Mississippi Damned is a 2009 American drama film directed by Tina Mabry and starring Tessa Thompson, D. B. Woodside, Malcolm Goodwin, Malcolm David Kelley and Michael Hyatt.  The film was written and directed by Tina Mabry, based on her life growing up in Tupelo, Mississippi. It was filmed in and around Ahoskie, North Carolina.

Plot
Taking place in 1986 and 1998 and based on a true story, three poor black kids in rural Mississippi reap the consequences of their family's cycle of abuse, addiction, and violence. They independently struggle to escape their circumstances and must decide whether to confront what's plagued their family for generations or succumb to the same crippling fate, forever damned in Mississippi. Writer/director Tina Mabry captures growing up in a world where possibilities and opportunities seem to die in the face of the suffocating reality of physical and sexual abuse, obsession, and a myriad of destructive compulsions.

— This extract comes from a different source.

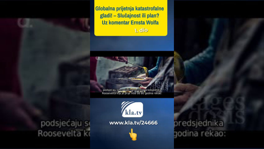 Već tjednima optužuju zapadni mediji i političari Rusiju za izazivanje jedne globalne gladi i korištenje gladi kao oružja. Takođe i Rusija vidi jednu globalnu krizu gladi koja dolazi do kraja godine - ali to pripisuje visokim cijenama žitarica i hrane, koje najsiromašnije zemlje trenutno nisu u mogućnosti platiti. Do ljeta 2020. globalna cijena pšenice bila je stabilna na oko 200 USD po toni. Trenutno je sada oko 450 dolara po toni. Kao glavni razlog ovog enormnog poskupljenja Rusija vidi nepromišljene ekonomske mjere Sjedinjenih Država i Europske Unije – promicanje zelene energije i odbijanjem Sjevernog toka 2, koje su europske cijene plina podigle u neviđene visine. Zbog toga je proizvodnja gnojiva postala nerentabilna tako da su tvornice morale zaustaviti proizvodnju. Pitanje gladi u svijetu iznenada postaje najvažnije i alarmantna tema na globalnom dnevnom redu. Ali tko je sada zapravo odgovoran za to? Ili postoje sasvim drugačije pozadine? Poslušajte analizu njemačkog autora i financijskog stručnjaka Ernsta Wolffa. Komentar Ernsta Wolffa Svijet trenutno ide golemih razmjera prema katastrofalnoj gladi. Svi koji misle da je to zbog nesposobnosti ili neplaniranosti političara, podsjećaju se na riječi američkog predsjednika Roosevelta koji je prije više od 80 godina rekao: „U politici se ništa ne događa slučajno, ako se nešto dogodi možete se kladiti da je tako bilo planirano." Jedna potvrda za Rooseveltovu izjavu pruža vam Takozvani Lockstep dokument Zaklade Rockefeller iz 2010. godine, u kojoj je predvidio globalnu zdravstvenu krizu koja traje već 2,5 godine. Bilo da se radi o zaključavanju, cijepljenju ili uvođenju ograničenja digitalnog pristupa, sve su te mjere u njemu opisane više od deset godina prije nego što su uvedene. Osim toga, u listopadu 2019. održan je Event 201, jedna od Sveučilišta Johns Hopkins, zajedno sa Svjetskim ekonomskim forumom i Zakladom Bill & Melinda Gates, provedena planska vježba u kojoj je simulirana pandemija i mjere koje je potrebno poduzeti od strane odgovornih bili su odigrani. Ništa drugačije se ne razlikuje očigledno sa trenutačnim približavanjem globalne katarstrofe gladi. I za nju je također provedena planska vježba ,i to prije 6,5 godina. Od 9. do 10. studenoga 2015., prisustvovalo je 65 međunarodnih čelnika iz vlade i gospodarstva u prostorijama Washingtonskog sjedišta Svjetske zaklade za prirodu, WWF,na kojemu je održan Event Food Chain Reaction, u prevodu reakcija prehrambenog lanca, koji simulira krizu u globalnom prehrambenom sustavu. Scenarij je osmislila skupina stručnjaka iz američkog Ministarstva vanjskih poslova, Svjetske banke i poljoprivredne tvrtke Cargill. Sproveden je bio Event od jednog nižeg odjela CMA Corporacije, koji radi u ime američkog Ministarstva domovinske sigurnosti i Nacionalnog koordinacijskog ureda za pomoć u katastrofama. Za financiranje se pobrinuo koncern Cargill, koji kontrolira četvrtinu američkog izvoza žitarica, i proizvođač slatkih stvari Mars. Cijelu stvar producirao je Svjetski fond za prirodu, zajedno s Centrom za američki napredak, think tankom koji je 2003. godine osnovao politički savjetnik Billa Clintona John Podesta. On je predvođen od lobiste Tom Dashley, jednoga od vodećih političara Demokratske stranke koji je bio predviđen za ministra zdravstva za vrijeme Baracka Obame, ali nije mogao preuzeti dužnost zbog razotkrivanja u vezi nečistih financijskih poslovanja. Dva su dana sudionici sastanka vježbali scenarij koji simulira kako odgovoriti na globalnu prehrambenu krizu u godinama od 2020 do 2030. Pokreneta je kroz: "Nestabilne cijene hrane, nestabilna opskrba hranom usred uvijek jačeg ubrzanog rasta stanovništva,jedne brze urbanizacije, teških vremenskih prilika i društvenih nemira". Tijek krize podijeljen je u četiri vremenska razdoblja. Prvi krug obuhvaća razdoblje od 2020. do 2021. Ovdje dolazi do velikih suša u Sjevernoj Americi, socijalnim nemirima u jugoistočnoj Aziji i Africi te porastom cijena hrane na 262% dugoročnih prosjeka vrijednosti. U drugom krugu, od 2022. do 2024., doći će do dugotrajnih perioda suša u najvažnijim područjima uzgoja i jedan dramatičan porast cijena nafte. Nemiri i migracije su u porastu, kao i panična kupnja usred sve veće nesigurnosti. Cijene hrane rastu sa 262% na 395% dugoročnih prosjeka vrijednosti. U trećem krugu, od 2024. do 2027., doći će do oporavka u proizvodnji usjeva u većem dijelu svijeta, koji će smanjiti pritisak na tržišta. Kako pojedine suše uzrokuju nemire u središtnjoj Africi, globalne cijene hrane padaju s 395% na 145% dugoročnih prosjeka vrijednosti. U četvrtoj rundi dolazi do suša u Brazilu, Kini i Sjedinjenim Državama, do socijalnih nemira u Indiji i prosvjeda u zapadnoafričkim gradovima, kao i o jednom ponovnom povećanju cijena hrane sa 141% na 387% dugoročnih prosjeka vrijednosti. Bizaran se čini završetak planske vježbe u kojoj se, osim uvođenja poreza na CO2,dolazi do neočekivano velikih donacija iz cijelog svijeta koji se slijevaju u prehrambeni program Ujedinjenih naroda. Kao rezultat toga, "Svijet je dobro opremljen za suočavanje s katastrofama u područjima do kojih humanitarne agencije mogu doći." Koliko god zvučalo apsurdno, u ovom trenutku vam nebi trebalo biti do smijeha. Iza pojma humanitarne organizacije skrivaju se brojne nevladine organizacije i zaklade poput Zaklade Otvoreno društvo Georgea Sorosa, Zaklade Billa i Melinde Gates, Svjetskog ekonomskog foruma ili Kruha za svijet Katoličke crkve. Upravo su te organizacije koje u naše vrijeme iz dana u dan postaju sve moćnije i utjecajnije, utječu na to da se krize sustavno pripremaju i iskorištavaju za osiguranje i učvršćivanje vladavine globalne elite, planirajući njihov smjer s vojnom preciznošću i prema potrebi pogoršavaju,bez obzira da li će veliki dijelovi čovječanstva sa time biti otjerani u propast. Usput, web stranica događaja Food Chain Reaction.

In 1986, teenage cousins Leigh and Sammy, and Leigh's younger sister Kari, watch as their mothers and aunts struggle to maintain a roof over their heads. Leigh, a closeted lesbian, is devastated when her girlfriend announces she is marrying a man. Leigh attacks him and is arrested and kicked out of her parents' house. Sammy, a talented basketball player, is sexually abused by an older man. He accepts pay for sexual acts in order to get the money he needs to support his burgeoning basketball career. After Sammy's mother stabs her boyfriend's lover and is arrested, Sammy is taken in by his aunt. He rapes his younger cousin Kari, Leigh's sister.

By 1998, the three characters are adults. Leigh is still hung up on her old girlfriend and continues to make unwelcome visits to her. Sammy, a former professional basketball player, is out of work due to an injury. His pride and previous fame make him reluctant to take the minimum wage job he needs to support his wife and child. Kari, a talented pianist who has delayed college for years to take care of her cancer-stricken mother, is waiting to hear if she has been accepted by a musical conservatory. As she struggles to save money for school, she feels bound by family and friends, most of whom have no money to lend her or are financially dependent on her.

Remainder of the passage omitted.